Wild Seed Project is a nonprofit based in South Yarmouth, Maine. Founded by McCargo in 2014, the organization is focused on putting responsibly-harvested native seeds and the knowledge of native plant cultivation into the hands of all. It aims to expand access beyond the traditional realm of experts and large-scale restoration work, so that anyone, at any scale, can participate in climate adaptation and the restoration of biodiversity.
Over the years, Wild Seed Project has developed many educational and applied-ecology offerings in addition to its seed stewardship work. It is, perhaps, most popularly known as a source of northeastern native seeds, which are sold via the Wild Seed Project (WSP) website. WSP also undertakes seed giveaways to teachers, schools, libraries, indigenous tribes and underserved populations. ”We really try to use the income from the seeds, as a non-profit, to make them available to all the different people who wouldn’t otherwise be able to access this natural resource,” says McCargo. The website features some 90 species of seed for sale every year, and in 2022 alone, the organization distributed and sold over 23,000 seed packets. Beyond its online inventory, WSP also serves as a source for hard-to-find seeds that may be needed for specialized projects. Enabling this work is a robust seed collection and processing program largely powered by a small group of volunteers who achieve impressive impact, given the quantity of seed that WSP (an organization of 10 staff members) is able to distribute.
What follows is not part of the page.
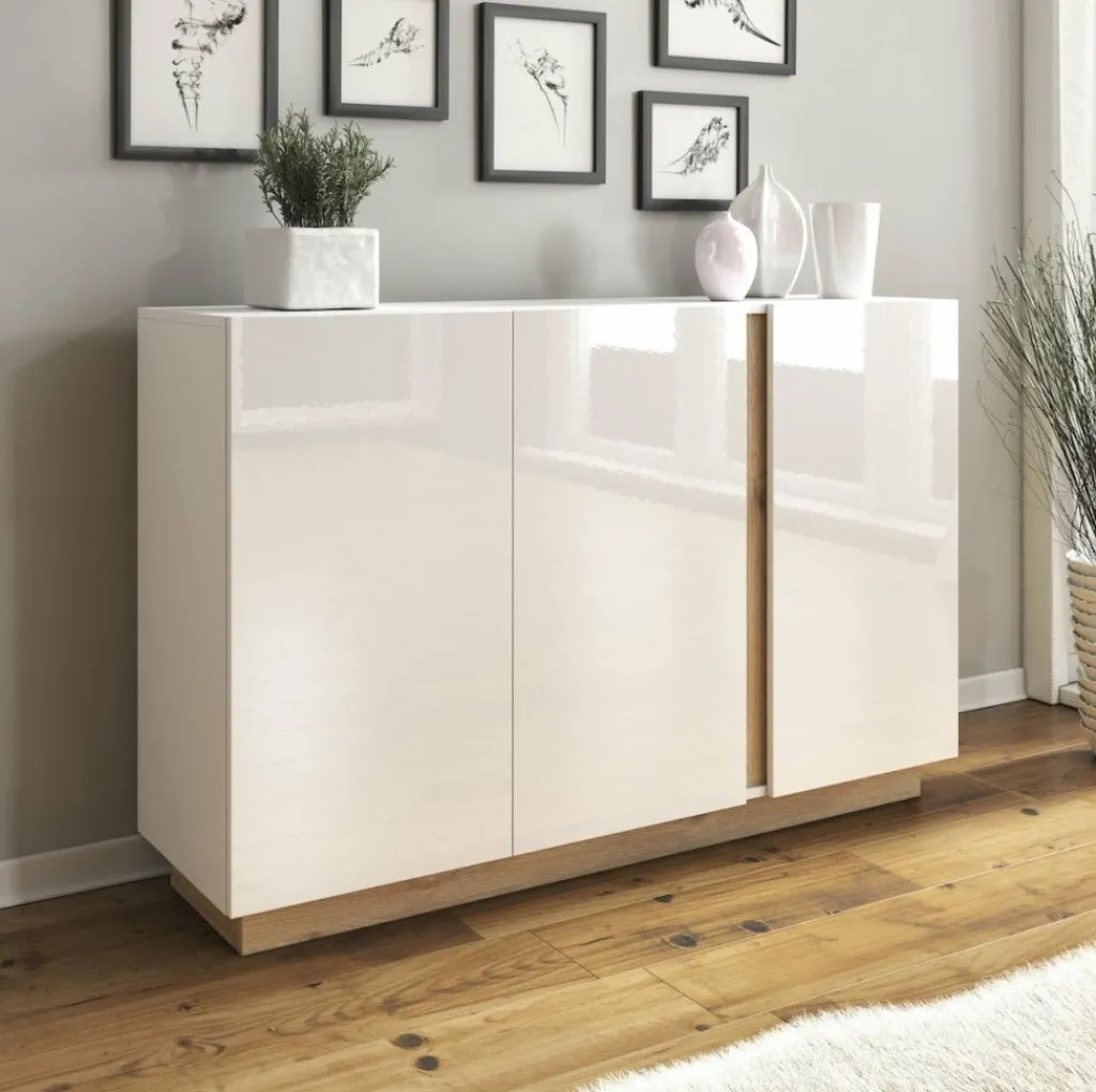 Dressoir Ashley beschikt over 3 deuren welke zijn afgewerkt in een hoogglans witte kleur, met daarachter opbergruimte.

Our first question to McCargo was, why tap volunteers at all? Answered McCargo, “I knew from the start that the work of collecting, cleaning, harvesting and handling all the seeds was going to take a lot of hands. It is a huge amount of work. Just like the clearing of invasives, there is simply not enough time and money in the world to accomplish the task, especially as a small nonprofit. So I knew I would need volunteers.” And essentially, as McCargo, emphasizes, working with seeds is the perfect volunteer job: “The seed piece of the work is fun! It is really engaging work. I have people begging me to get involved in seed cleaning, sorting and packaging. And by getting them involved in this way, you can bring more people, not just professionals, into understanding more about native plants.”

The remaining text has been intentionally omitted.